Für den Einzelhandel ist die Coronakrise zum Überlebenskampf geworden. Betroffen sind vor allem Modegeschäfte, die nach der Winter- womöglich auch die Frühlingskollektion abschreiben können. Anders sieht das schon wieder bei den Fahrradhändlern aus. Die haben im ersten Corona-Krisenjahr mitunter bessere Geschäfte gemacht als zuvor und inzwischen Probleme, ausreichend Nachschub für die Zeit nach dem zweiten Lockdown bekommen.

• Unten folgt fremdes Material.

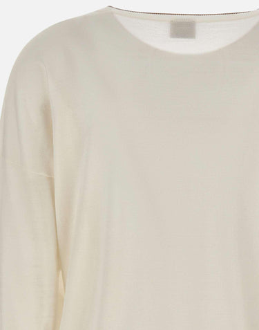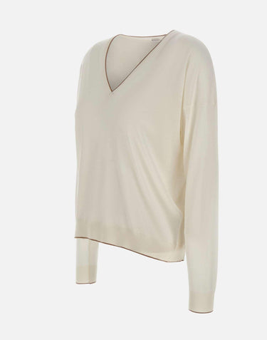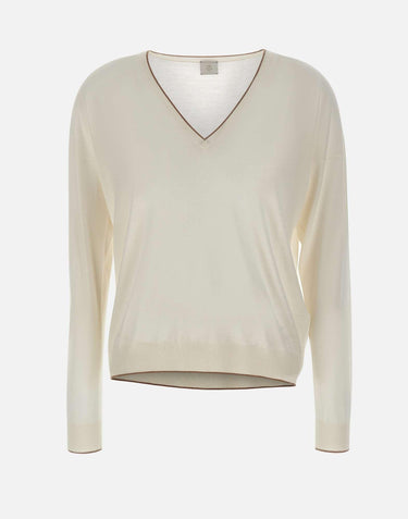Eleventy women's wool sweater, white, long sleeves, V-neck, ribbed edges with contrasting color stripe, regular fit, made in Italy

Mehr Umsatz als im Vorjahr

Max Schleising betreibt das Fahrradcenter Hebestreit am Bötzower Platz in Oranienburg. Über mangelnde Arbeit konnte er sich im vergangenen Jahr trotz Lockdowns nicht beschweren. Der Umsatz hat auch gestimmt. „Unterm Strich war das Jahr sogar besser als andere“, berichtet er.

Boom durch Corona

Die ohnehin schon seit einigen Jahren boomende Fahrradbranche hat durch Corona einen zusätzlichen Schub gekommen. Fahrräder seien das neue Klopapier, witzelten Medien im Sommer, als sich auch die Regale bei großen Händlern zunehmend lichteten. Die Erfahrung hat auch Schleising gemacht. Im Frühjahr vergangenen Jahres musste er im ersten Corona-Lockdown wie alle anderen Geschäfte den Verkauf einstellen. Nur Reparaturen durfte er noch anbieten. „Als das vorbei war, gab es aber einen Ansturm“, berichtet der Oranienburger.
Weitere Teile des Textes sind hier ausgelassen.